Monday, May 29, 2017

modal verbs - Help pinpoint the usage of 'could' in these examples





  1. whether a sentence is truth-neutral or truth-committed often depends on factors other than the choice of verbal construction. In I’m surprised that your wife should object, the effect of the main verb is to cancel out the neutrality of the should + Infinitive construction, with the result that we clearly understand from this sentence that the wife does object. There is hence no logical difference, in many cases, between should + Infinitive and the simple Indicative form objects. This is not to say, however, that there is no difference in feeling. In I’m surprised that your wife should object, it is the ‘very idea of it’ that surprises me; in I’m surprised that your wife objects, I am surprised by the objection itself, which I take to be a known ‘fact’.
    The meaning swings in the opposite direction (from truth-commitment to truth-neutrality) through the influence of verbs such as believe and suppose:
    I believe (that) his mother is dead. | I suppose (that) you’re waiting for my autograph
    Because of the essential element of uncertainty in the meanings of these verbs, a that-clause that would elsewhere be truth-committed becomes truth-neutral. The same applies to adjectives such as possible and likely.

    We could go on to note that the primary modals (e.g. can, may, will) also express an element of uncertainty, and so belong to the truth-neutral category. However, they express more specific meanings, such as ‘possibility’ and ‘obligation’, whereas the forms with ‘theoretical’ meaning discussed here – the Infinitive, the Subjunctive and ‘putative’ should – express truth-neutrality in its most generalised form.




  2. The difference between ‘arrangement’ and ‘intention’ is a very slight one; so be going to + Infinitive could be substituted for the Present Progressive in all these examples.



  3. Be going to implies that the conditions for the future event already exist. However, will could replace be going to in these two examples with little difference of meaning.

  4. Without an adverbial, a time in the near future rather than remoter future is generally intended: one could insert the adverb just or soon in these sentences to make the imminence explicit.

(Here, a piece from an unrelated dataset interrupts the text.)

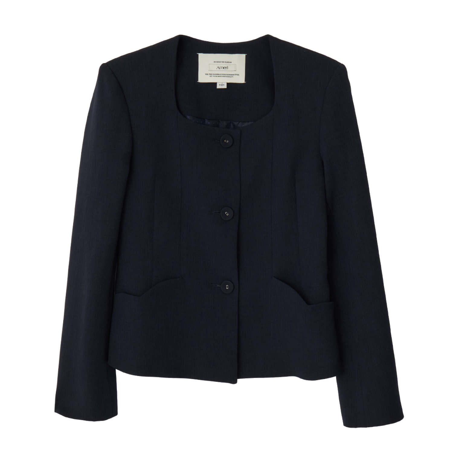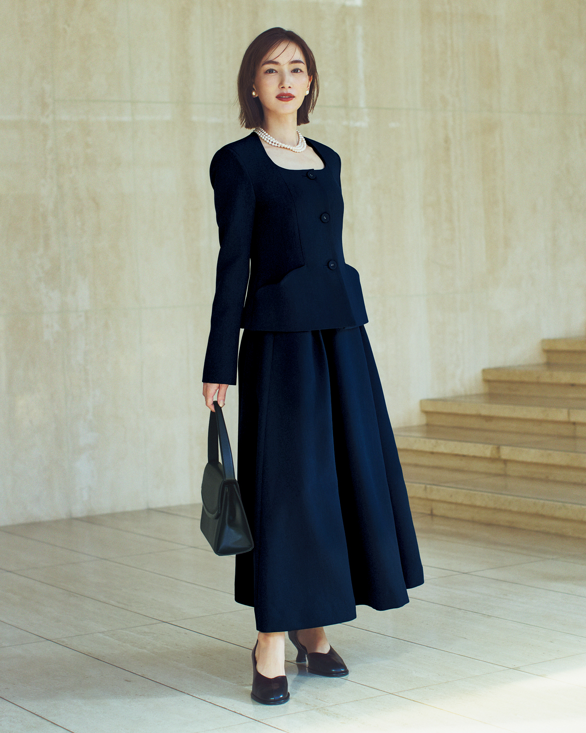 思い出に残る日こそ、母としての装いに自分らしさを大切にしたい。正統派なネイビージャケットながら、スクエアネックが印象的な一枚はベストな選択。共布のくるみボタン、ハート形のスカラップをあしらったポケットが、セレモニーにふさわしい上品さを添えて。タックがつくる構築的なフォルムと裾にかけて量感をもたせたフレアスカートが、さりげなくモードなニュアンスを加えてくれます。

-- Leech, Geoffrey N. 2004. Meaning and the English Verb. Harlow, England: Pearson/Longman.




Do they indicate conditional (hypothetical) possiblities or factual possiblities in these examples?


I have come across them a lot in this book as well as in ELL answers. From my understanding, may or can is used a lot in such context of giving useful information.


I wonder if the preterite form makes these statements more tentative or informal or what.



Answer



Per my comments, it's really just a stylistic choice to use "preterite" (past tense) could rather than present tense can in all 4 examples. It doesn't significantly affect any "tentative/ forceful" nuances.


In the first example, could is a largely redundant stylistic usage. It's a bit dated/formal/academic (I might almost say pompous). The normal meaning (possibility) doesn't really apply here; it's not that the authors could/might go on to note [blah blah] - the very sentence that tells us they could do that really does do it!


The other three usages just express the standard possible, optional, alternative sense. In every case, it's a matter of You could do A, or you could do B (where #1 is We're able to do A, so we're going to do it).




It's an extremely fine point, but one could make the argument that using a modal in #1 (as opposed to "We will note that...", or just "We note that...") implies the authors could potentially run into difficulties with the proposition that "primary modals" are "truth-neutral", in which case one could say there's a hint of "tentativeness" in the advancing of a proposition there. A bit like this paragraph, really.